Şehit çocuğu
Üç gün sonra unutmayın, unutmayalım, olur mu? Öldürülmüş babasını bayrak sallayarak uğurlayan genç, ağlamakla dik durmak arasında kalıvermiş küçük kardeşi, kocasına vakar ve gururla son bakışını sunan bir eş, bir başka cenazede kardeşi için haykıran abla, bir başkasında gözyaşlarını sanki evde bırakmış da tevekkülle hepimize bakan anne ile baba. Bir gün, iki, üç gün geçer de, hala unutmamışsak, kalbimizde hala bu ölümlere ve bu acılara, bu çocuklara, eşlere, kardeşlere bir yer kalmışsa, kendimizi de aşarak düşünebilir, hissedebiliriz belki. O zaman, en sert tavırların, en şiddetli beyanların, en nefret dolu başlıkların, en ikiyüzlü taziyelerin arasında kaybolan bir bakış çabası gelişebilir belki. Bu kadar çok şehidi, bu kadar çok ölüyü, bu kadar çok kaybı nasıl verdik ve bu kadar çok ölümü, katili, pusuyu, mayını, bombayı, bombacıyı, tetikçiyi nasıl çıkardık diye düşünebiliriz.
Kimileri diyor ki... "Düşünecek bir şey yok". As bayrağı, bas mermiyi, kus öfkeyi.
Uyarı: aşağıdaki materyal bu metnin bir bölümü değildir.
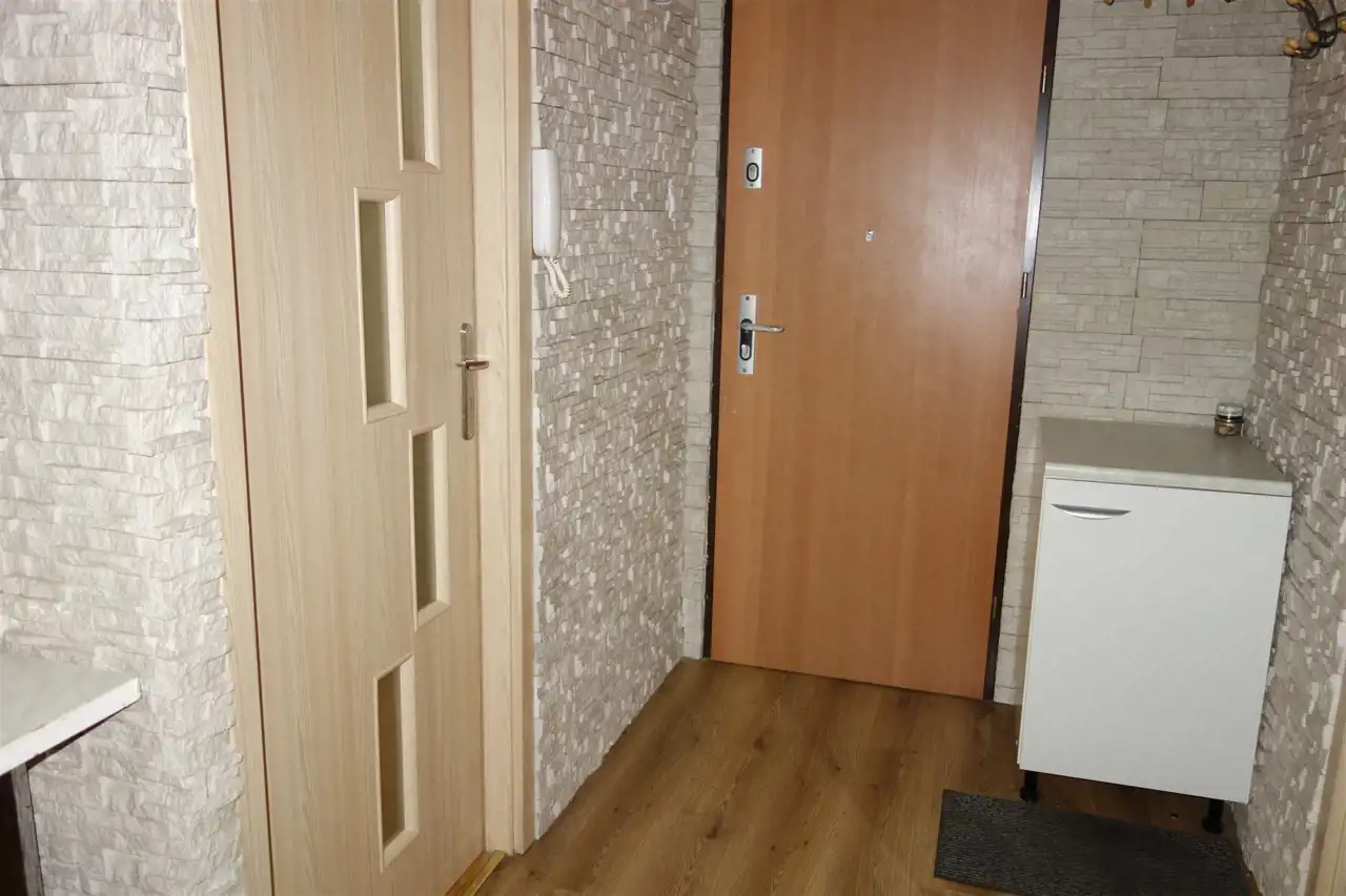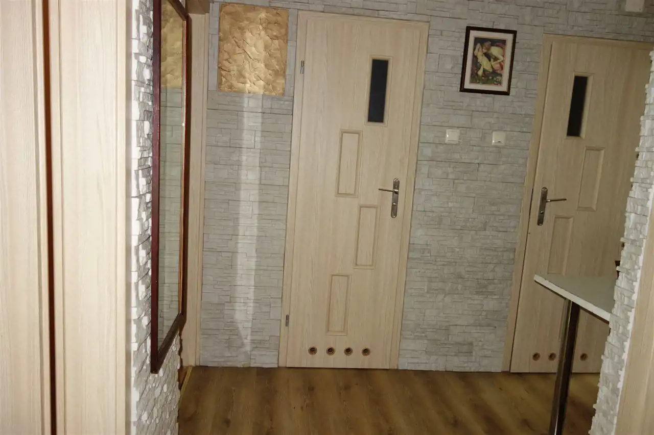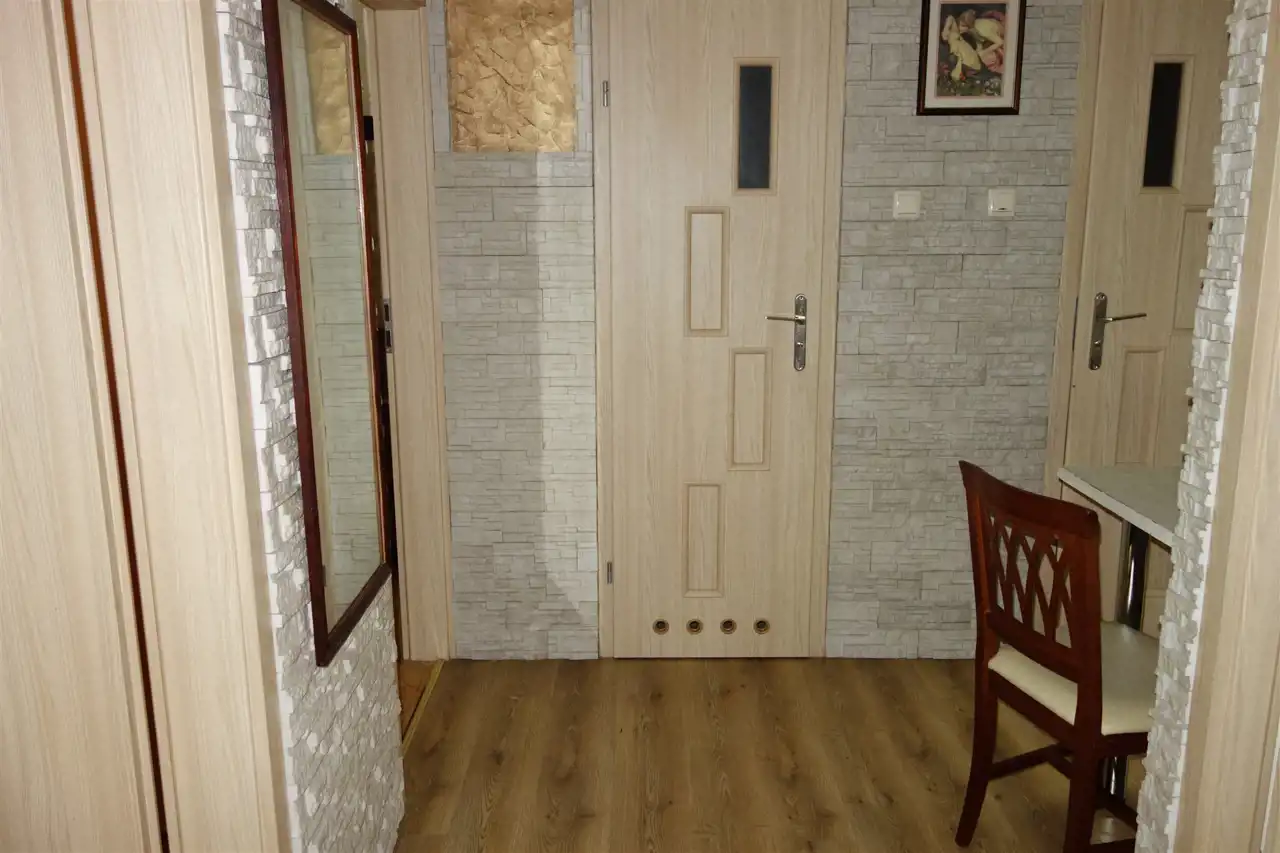 Nieruchomość o powierzchni całkowitej 62,44 m2 składa się z 3 nieprzechodnich pokoi (jeden z balkonem), oddzielnej kuchni, łazienki z prysznicem i WC oraz przedpokoju.
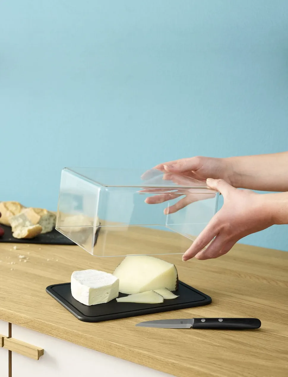 CONTAIN-IT er en osteklokke, der holder styr på osten eller pålægget i køleskabet og på spisebordet. Server din yndlingsost eller pålæg på serveringsbrættet af fibertræ, og når madvarerne skal tilbage i køleskabet sættes det gennemsigtige låg på, indtil CONTAIN-IT igen skal på bordet. Opbevaringsboksen er selvfølgelig fri for BPA og ftalater, og det funktionelle serveringsbræt i fibertræ er antibakterielt og kan gå i opvaskemaskinen.
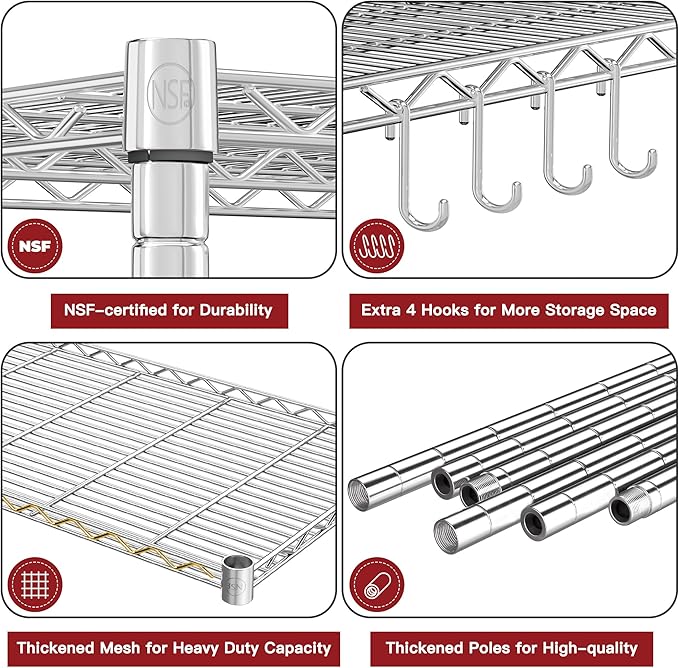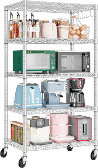 PrimeZone 75" H Wire Shelving 5 Tier Slim Steel Storage Metal Shelves with Wheels,Adjustable Kitchen Utility Shelving Unit,Pantry Rack Rolling Metal Shelf Chrome 24" Wx18 Dx75 H Sale

Zihnimizi, vicdanımızı, eylemimizi tamamen "terörize" etmişse, kendi eylem biçiminin öteki yüzü olarak karşısında devlet görevlisi yahut vatandaş, "sadece şiddet, sadece nefret" diyen bizleri konuşlandırmışsa, "terörist" yapacağını yapmıştır! Doğru tanımlıyorsak, adını doğru koyuyorsak, "terör" her ölümden yeni ölümler doğurmayı, her gözyaşını çok daha büyük dalgalara, sellere dönüştürmeyi, her doğal öfkeyi kitle kitle karşı şiddete sürüklemeyi, herkesi rastgele hedef yaparak kendi tarafında da kendisinden çok daha büyük sayıda insanı hedef haline getirtmeyi, bir bakıma herkesin zihnini, hayatını, ötekine bakışını "terörcü" kılmayı amaçlar. "Bunu böyle amaçlıyoruz" diye yazıp imzalamasına gerek yok, fiilen böyledir.
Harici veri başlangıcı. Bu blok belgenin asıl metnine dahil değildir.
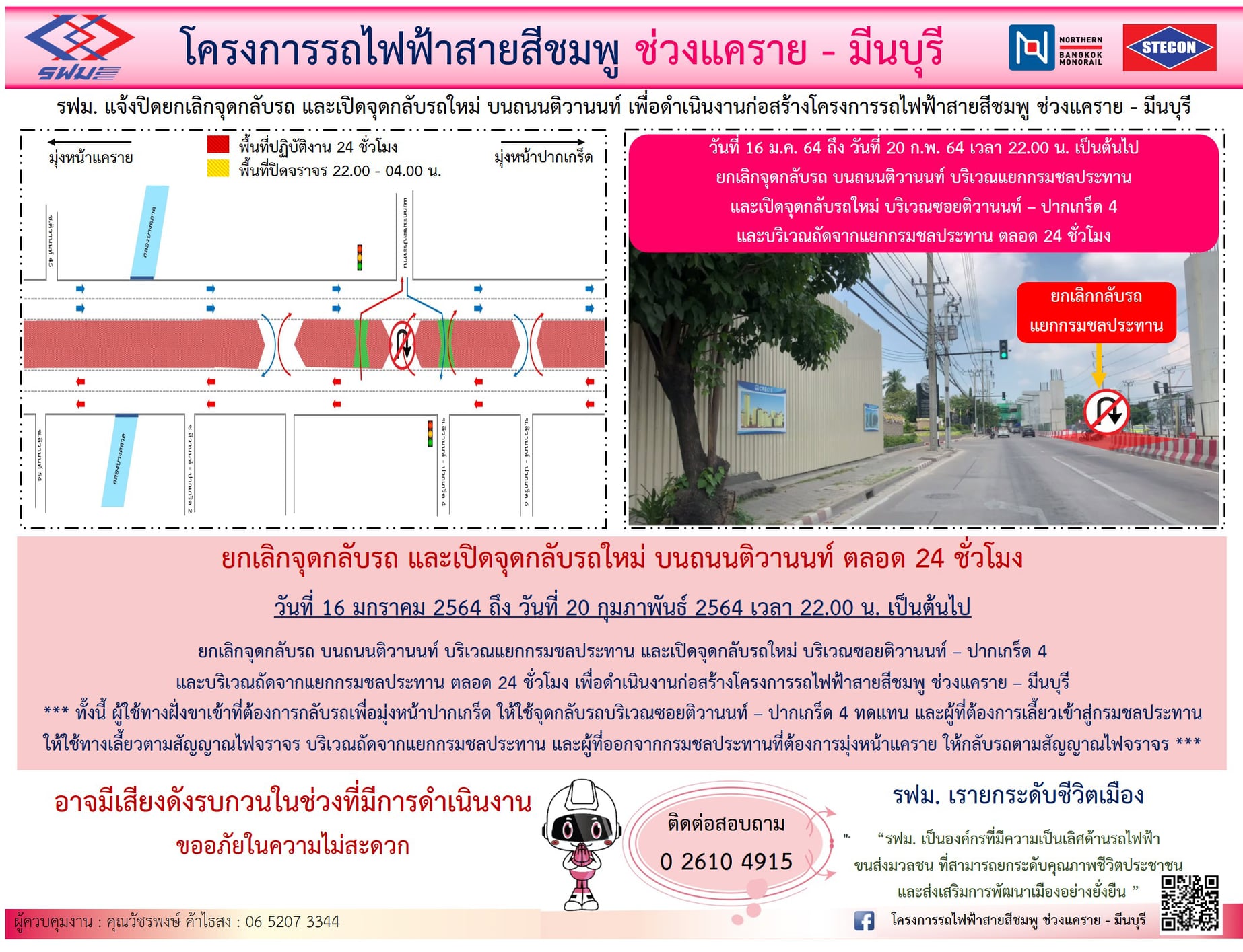 ยกเลิกจุดกลับรถและเปิดจุดกลับรถใหม่ บนถนนติวานนท์ บริเวณแยกกรมชลประทาน วันที่ 16 มกราคม 2564 ถึง วันที่ 20 กุมภาพันธ์ 2564 เวลา 22.00 น. เป็นต้นไป เพื่อดำเนินงานก่อสร้าง
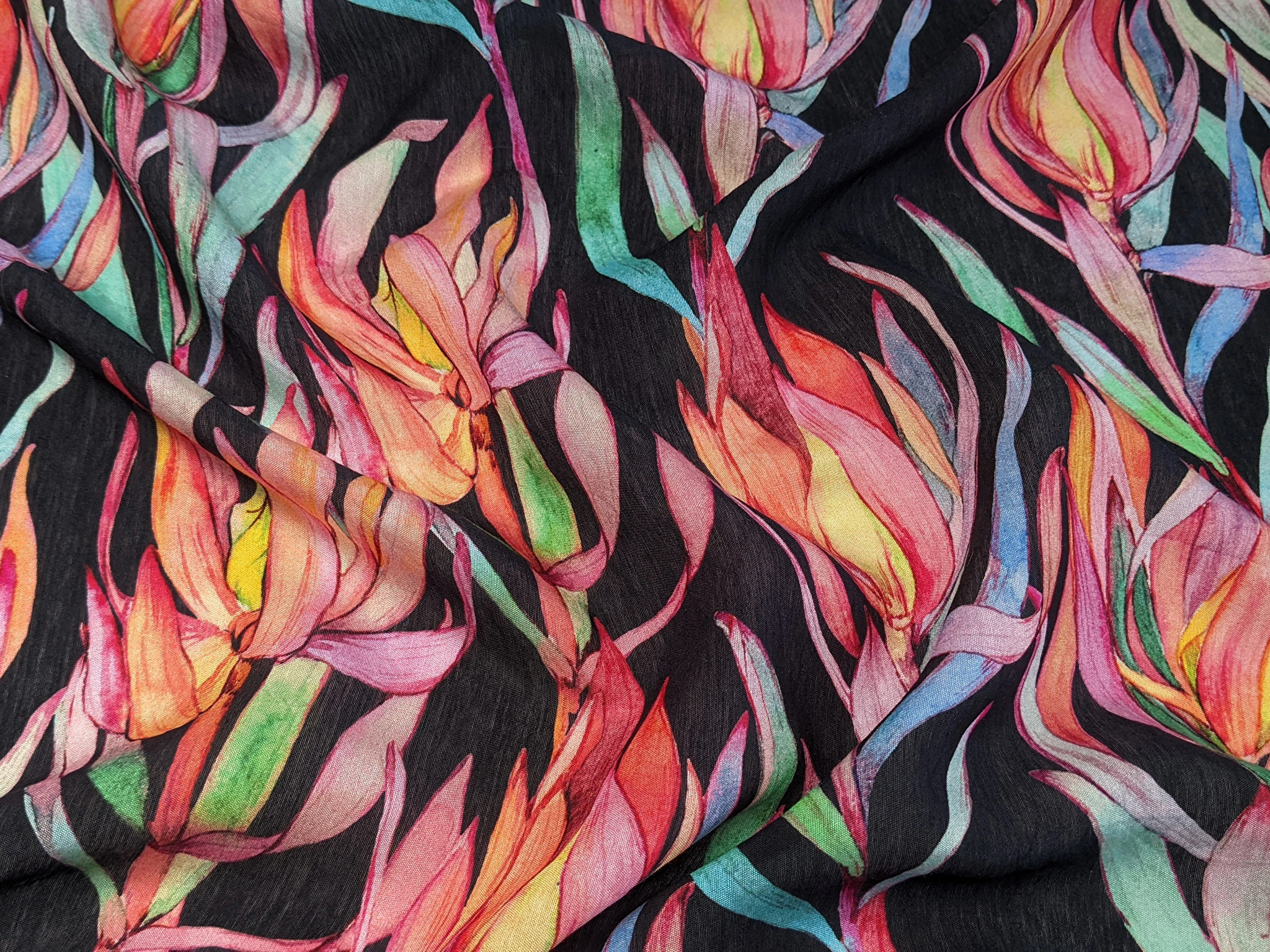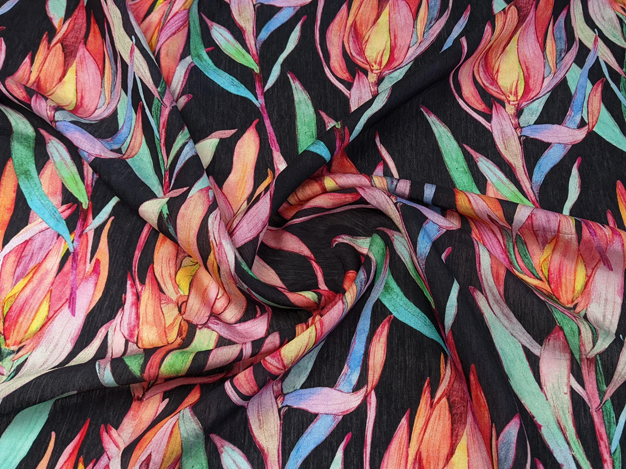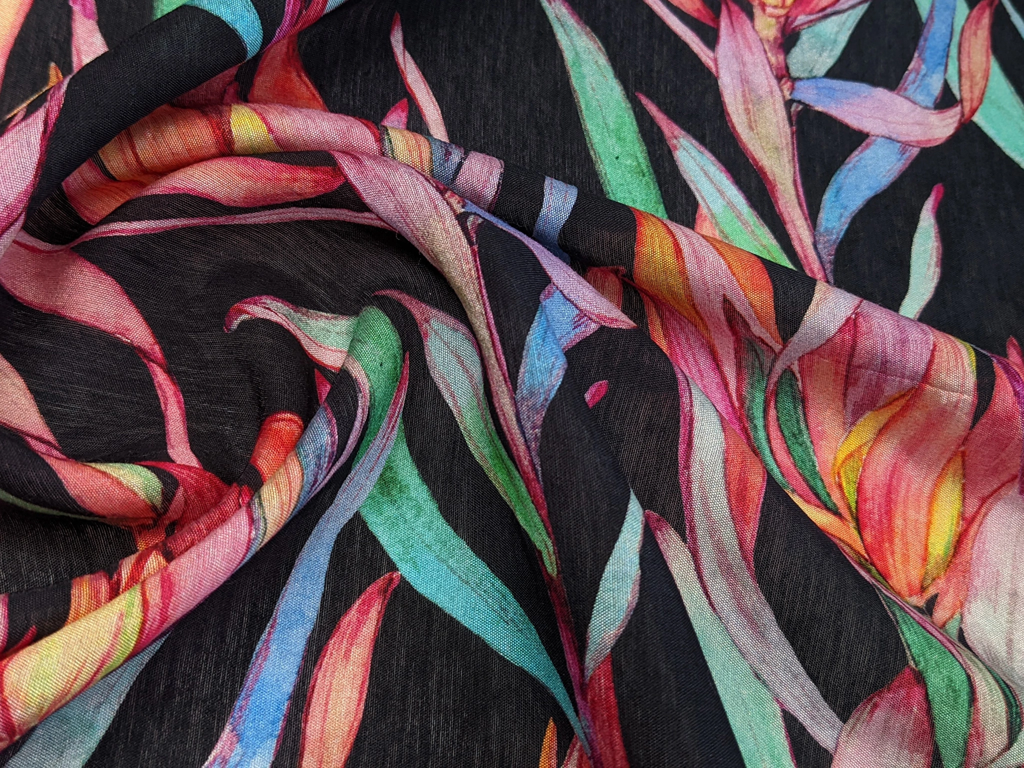 Шовк віскоза квітуча гілка, чорний

Bir çocuk kahpe bir mayının aldığı babasının arkasından bayrak sallıyorsa, hepimiz daha da fazlasını yapabilmek isteriz. O an, duyguların coşmasından, öfkenin kabarmasından, lanetlerin şiddetinden daha mümkün bir şey yoktur ki. Daha doğal bir şey yoktur. "Doğal" olmayan... sırasıyla gideyim, "normal" olmayan, "olağan" olmayan, "sıradan" olmayan ise şudur belki: Bu çocukları, bu eşleri, bu kardeşleri asla akıldan, asla gönülden çıkarmadan, asla doğal öfkelerin içinde yücelttikten sonra hızla tüketip unutmadan... Aklımızı hızla "terör kapanı" ndan kurtarmaktır. "Terör kapanı", kendi silahlı eylemlerinin şiddetli tutkusu içinde politik, insani herhangi bir hedefi olmayan, kendi ölümünü kutsallaştırmak ve her pusuda bayraklaşan ölümleri çoğaltmaktan başka bir mesajı kalmayanın kurduğu... Ve "terörle mücadele" edenler içinde, "teröristlerin anlayacakları dil" den başkasını düşünmeyenlerin, istemeyenlerin de tahkim ettiği bir çıkmazdır. "Teröristin anlayacağı dil", terörist olmayanların kolay anlayacağı bir dil değildir. Sadece o dilden konuşulduğunda, bir toplum, bir halk, bir ulus, giderek daha çok ferdiyle birlikte, o dili öğrenmeye, o dilden başkasını akıl etmemeye, o dile mahkum olmaya ve o dille mahkum etmeye alışır. "Teröristin anlayacağı dil", terörün hakim kılmak istediği dildir. O dili Türkçe yahut Kürtçe konuşmanız fark etmez! Vatanı çok sevmek, vatanı ve sevgiyi insanlarıyla birlikte tanımlamak, tanımak, düşünmek, hissetmek de olamaz mı?